WHAT TO DO →
Please print each record exactly, omitting none of them.

SUPPLIED DATA →
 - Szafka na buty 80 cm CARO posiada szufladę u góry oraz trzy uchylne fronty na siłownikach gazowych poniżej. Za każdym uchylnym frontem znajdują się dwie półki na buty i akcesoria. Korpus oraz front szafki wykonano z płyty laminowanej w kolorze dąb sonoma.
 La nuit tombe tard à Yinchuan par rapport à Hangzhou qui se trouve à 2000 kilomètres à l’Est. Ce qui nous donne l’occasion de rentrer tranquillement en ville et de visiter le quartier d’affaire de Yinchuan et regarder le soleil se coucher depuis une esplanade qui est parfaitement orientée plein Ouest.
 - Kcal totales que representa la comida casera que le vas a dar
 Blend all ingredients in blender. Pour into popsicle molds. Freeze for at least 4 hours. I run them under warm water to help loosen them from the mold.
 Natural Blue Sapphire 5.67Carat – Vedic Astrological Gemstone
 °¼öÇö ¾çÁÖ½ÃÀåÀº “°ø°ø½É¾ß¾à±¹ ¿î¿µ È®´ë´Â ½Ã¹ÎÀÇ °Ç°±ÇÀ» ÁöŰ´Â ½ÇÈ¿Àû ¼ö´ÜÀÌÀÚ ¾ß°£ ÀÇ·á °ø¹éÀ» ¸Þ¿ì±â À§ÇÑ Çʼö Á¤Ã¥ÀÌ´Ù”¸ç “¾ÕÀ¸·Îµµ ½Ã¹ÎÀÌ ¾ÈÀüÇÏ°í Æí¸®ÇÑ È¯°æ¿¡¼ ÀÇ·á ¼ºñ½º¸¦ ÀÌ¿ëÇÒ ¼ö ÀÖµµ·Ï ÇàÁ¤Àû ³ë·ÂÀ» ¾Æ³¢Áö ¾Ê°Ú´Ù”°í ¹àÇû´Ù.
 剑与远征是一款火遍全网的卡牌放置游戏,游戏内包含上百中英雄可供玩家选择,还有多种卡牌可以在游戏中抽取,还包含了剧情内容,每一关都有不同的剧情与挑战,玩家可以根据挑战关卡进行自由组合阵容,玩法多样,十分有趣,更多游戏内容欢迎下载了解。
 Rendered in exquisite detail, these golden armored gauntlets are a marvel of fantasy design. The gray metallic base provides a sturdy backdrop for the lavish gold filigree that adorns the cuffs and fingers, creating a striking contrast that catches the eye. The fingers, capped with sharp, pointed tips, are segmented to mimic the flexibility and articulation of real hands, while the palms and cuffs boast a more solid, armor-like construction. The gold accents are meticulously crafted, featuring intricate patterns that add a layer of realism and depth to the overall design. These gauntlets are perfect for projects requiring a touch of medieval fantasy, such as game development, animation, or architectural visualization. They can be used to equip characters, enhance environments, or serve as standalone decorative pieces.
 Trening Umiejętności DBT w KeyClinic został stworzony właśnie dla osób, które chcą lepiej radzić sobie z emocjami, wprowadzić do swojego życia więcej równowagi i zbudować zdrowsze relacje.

SOLUTION →
 - Szafka na buty 80 cm CARO posiada szufladę u góry oraz trzy uchylne fronty na siłownikach gazowych poniżej. Za każdym uchylnym frontem znajdują się dwie półki na buty i akcesoria. Korpus oraz front szafki wykonano z płyty laminowanej w kolorze dąb sonoma.
 La nuit tombe tard à Yinchuan par rapport à Hangzhou qui se trouve à 2000 kilomètres à l’Est. Ce qui nous donne l’occasion de rentrer tranquillement en ville et de visiter le quartier d’affaire de Yinchuan et regarder le soleil se coucher depuis une esplanade qui est parfaitement orientée plein Ouest.
 - Kcal totales que representa la comida casera que le vas a dar
 Blend all ingredients in blender. Pour into popsicle molds. Freeze for at least 4 hours. I run them under warm water to help loosen them from the mold.
 Natural Blue Sapphire 5.67Carat – Vedic Astrological Gemstone
 °¼öÇö ¾çÁÖ½ÃÀåÀº “°ø°ø½É¾ß¾à±¹ ¿î¿µ È®´ë´Â ½Ã¹ÎÀÇ °Ç°±ÇÀ» ÁöŰ´Â ½ÇÈ¿Àû ¼ö´ÜÀÌÀÚ ¾ß°£ ÀÇ·á °ø¹éÀ» ¸Þ¿ì±â À§ÇÑ Çʼö Á¤Ã¥ÀÌ´Ù”¸ç “¾ÕÀ¸·Îµµ ½Ã¹ÎÀÌ ¾ÈÀüÇÏ°í Æí¸®ÇÑ È¯°æ¿¡¼ ÀÇ·á ¼ºñ½º¸¦ ÀÌ¿ëÇÒ ¼ö ÀÖµµ·Ï ÇàÁ¤Àû ³ë·ÂÀ» ¾Æ³¢Áö ¾Ê°Ú´Ù”°í ¹àÇû´Ù.
 剑与远征是一款火遍全网的卡牌放置游戏,游戏内包含上百中英雄可供玩家选择,还有多种卡牌可以在游戏中抽取,还包含了剧情内容,每一关都有不同的剧情与挑战,玩家可以根据挑战关卡进行自由组合阵容,玩法多样,十分有趣,更多游戏内容欢迎下载了解。
 Rendered in exquisite detail, these golden armored gauntlets are a marvel of fantasy design. The gray metallic base provides a sturdy backdrop for the lavish gold filigree that adorns the cuffs and fingers, creating a striking contrast that catches the eye. The fingers, capped with sharp, pointed tips, are segmented to mimic the flexibility and articulation of real hands, while the palms and cuffs boast a more solid, armor-like construction. The gold accents are meticulously crafted, featuring intricate patterns that add a layer of realism and depth to the overall design. These gauntlets are perfect for projects requiring a touch of medieval fantasy, such as game development, animation, or architectural visualization. They can be used to equip characters, enhance environments, or serve as standalone decorative pieces.
 Trening Umiejętności DBT w KeyClinic został stworzony właśnie dla osób, które chcą lepiej radzić sobie z emocjami, wprowadzić do swojego życia więcej równowagi i zbudować zdrowsze relacje.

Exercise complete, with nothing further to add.